Speaker 2:Um, and does that mean he's going to? You know I'm going to get bigger, I might have spots, I might do you know? I mean, is that going to be another reason for him to cheat, you know? Um, so yeah, that was a massive thing for me. Um, mentally trying to process um, the pregnancy.
Speaker 1:I thought we'll have a minute to pause and, and what would be? Obviously, your life has changed and we're gonna go into that later on, but for anybody who is listening, who is going through a similar experience, um, what would be your advice to them? Because many people say, oh, why don't you leave? Or it's easy to just get up and leave, but it's you've, you've lived it, you've been through it. What? How could you help other men and women, whether young and old? How? What would be your advice to them?
Speaker 1:I would say, I guess, now being through it, I would say and we're particularly talking about, like the cheating, because there's many people that is in a relationship where they're with a serial cheater and some people say like, oh, just walk away, or why is he or she still there? Or people who's actually in your shoes, that is a single parent and is actually settling for somebody who's a serial cheater. What?
Speaker 2:would be your strength for them.
Speaker 2:I would say to walk away. It's weird because, because you know, I had people saying that to me and when you're when you're in it, it is very hard um. So I do get why a lot of women do stay um in relationships like that, and men too, to be honest with you, um, but I guess walking away um definitely is, even with a child. Um, because I guess why I say this is some people are really good at reading you, knowing your weaknesses, and that's another thing that I did. I let him into my personal world. You know a bit too much. I told him about my childhood. I told him about my experiences growing up, what I went through, and there was a lot of times that he did play on that and he used that against me to keep me stuck.
Speaker 2:So that's why I can confidently say you know, if they are mentally draining you, you're noticing drastic changes in yourself. You know I didn't want to leave my home. I looked in the mirror. I used to see, just see, just death, literally. I hated the way that I looked, got rid of all my clothes, hardly went out. Um, if you're noticing anything like that, you know leave, and even if, for example, you're explaining to them how you're feeling. They're not taking it on. It's going in one ear and out the other.
Speaker 1:You know, leave um yeah, I'd also say excluding you from friends and family um, because I know Maya um, and there was one point as well that I could talk on because we spoke about it, and I bought her a blender and I drove all the way up to her house because she lives in Timbuktu and I was ringing ringing the doorbell and she would always answer and I always remember that that's not her character.

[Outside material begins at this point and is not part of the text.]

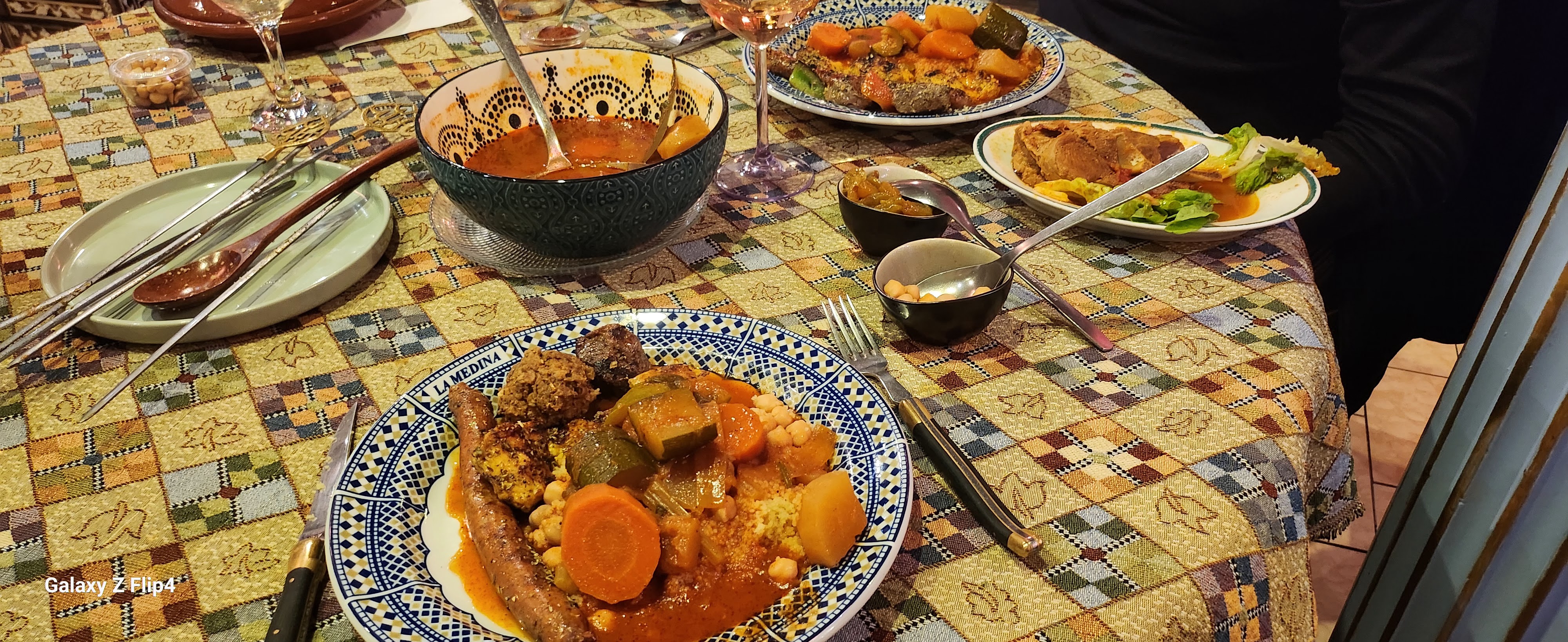 Nous y partageons d'agréables moments et repas depuis 3 générations. Que cela soit en famille, avec des amis, entre collègues ou avec des clients, le résultat est toujours le même, on réfléchit déjà à la prochaine fois, où nous viendrons sentir dès l'entrée, ces bonnes odeurs de la vieille ville de Marrakech ! Que vous veniez seul(e), en couple, en famille ou pour un événement à 20 et même plus, les avis seront toujours les mêmes, c'est délicieux!!! L'accueil et le service, comment dire, le sourire, la gentillesse et la bonne humeur font place au sein de cet établissement. On s'y sent bien, dans une autre atmosphère, tout simplement... Je dirais qu'il est assez rare d'être accueilli de la sorte dans un restaurant. Je vous conseille l'assiette de piment en entrée, mais jamais sans pain :p J'ai eu de nombreuses fois, l'occasion de déguster de très bons couscous, dans les Hauts-de-France ou au Maroc, loin de moi l'idée de critiquer les autres, mais c'est celui-ci que je préfère. Si vous préférez d'autres plats typiques de cette région du monde, il y a de nombreux choix différents qui vous plairont. A l'apéro, whisky, gin, vodka ou bières feront plaisir à tout le monde. Concernant les vins, qu'ils soient blancs, rouges ou rosés, il y en aura pour tous les amoureux de la bonne vigne à prix convenables. J'affectionne particulièrement le gris de gérrouanne en bouteille rosé. Les vins du Maghreb sont très bons et très adaptés aux repas servis. Pour les desserts, personnellement je n'en prends jamais. J'ai le ventre généralement trop plein en fin de repas :) Je vous suggère aussi, le délicieux thé vert en fin de repas, celui-ci vous permettra de mieux digérer vos trop nombreuses assiettes^^ (c'est le serveur Nicolas qui a la meilleure amplitude entre la théière et les verres, à voir de vos propres yeux, c'est un réel spectacle) (Ne pas reproduire chez soi, sauf si vous avez de nombreuses heures d'entrainement :D ) Et les prix dans tout cela? Je pense qu'ils sont justes par rapport à la qualité des produits, de la période actuelle post-covid, au lieu, mais aussi au service proposé. Ces personnes ne vous servent pas, ils vous apportent le bonheur à table et vous mettent dans les meilleures conditions, pour passer un moment convivial. Alors, qu'attendez-vous pour découvrir ou redécouvrir La Médina? Si vous avez encore des doutes, foncez-y, vous ne le regretterez pas !

Speaker 1:And I sent a message to basically said like, oh, I left the gift on the. I was able to get in to where she lived to just put the gift outside and I was just about to go and I remember a message saying like I can come, and I remember him opening the door and the whole aura just felt controlled. The whole aura just felt controlled. And I think I know women sometimes do it naturally when it's taken them so long to find a boyfriend that they distance themselves naturally. But that's also a massive red flag because when you distance yourself and you put your partner not saying that your friends or family should be first, but when you don't have a balanced relationship, it's so much easier for somebody who's an abuser to keep you in a box and nobody will know. So I think that's another thing to be very mindful of 100%.
Speaker 2:Definitely, because you're. But the thing is, when you're in it you don't realize it either you know, and that was one of the biggest things. I didn't really realize it. Um, it's not until I got out of it and I look back on the situation, um that I realised what was happening yeah um, and I think also a lot of it was to do with, again, what I had experienced growing up so unhealed trauma.

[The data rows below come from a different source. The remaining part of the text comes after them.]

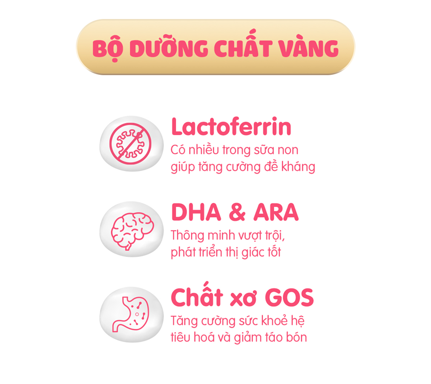 Bổ sung tiền lợi khuẩn Bifidus(Lactose và Raffinose) giúp tăng cường lợi khuẩn, hỗ trợ tiêu hóa và ngăn ngừa táo bón.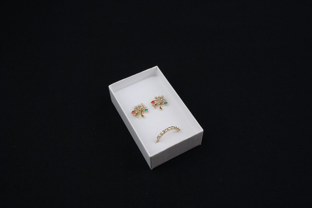 • Cutie cadou alba pentru set (cercei, colier si inel) cu inaltimea de 2,5cm, latimea de 5cm si lungimea de 8cm.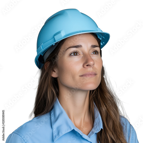 Female construction worker wearing a blue hard hat with transparent background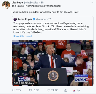 On December 10th 2019, at a rally in Hershey, Pennsylvania Donald Trump claimed, without evidence that Page had taken out a restraining order against Strzok: [27]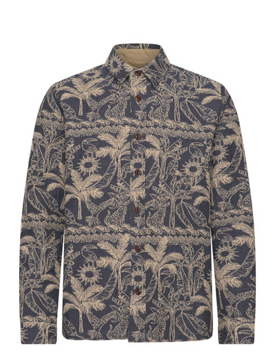Denna overshirt har en knappslå framtill och kombinerar stil med praktisk användbarhet. Det genomgående trycket ger en distinkt touch, vilket gör den till ett utmärkande plagg som kan användas lager på lager eller separat.

Speaker 2:You know, um, and how I saw myself and what I believed that I was worth. Um, so that does play a major part in it. Um, without going too much into my backstory, but when you've grown up in a household where it's chaos, you know emotional abuse, physical abuse do you know what I mean? Like you kind of think that's the norm, yeah, so then when you go and find a partner or have a partner that is similar or is giving you the similar experiences, the similar feelings that you felt when you were younger, it kind of feels like the norm to you. Um, and that's what you're used to. Um, so, again, that's something else and that played a major part in it. But um, yeah, okay, yeah, okay.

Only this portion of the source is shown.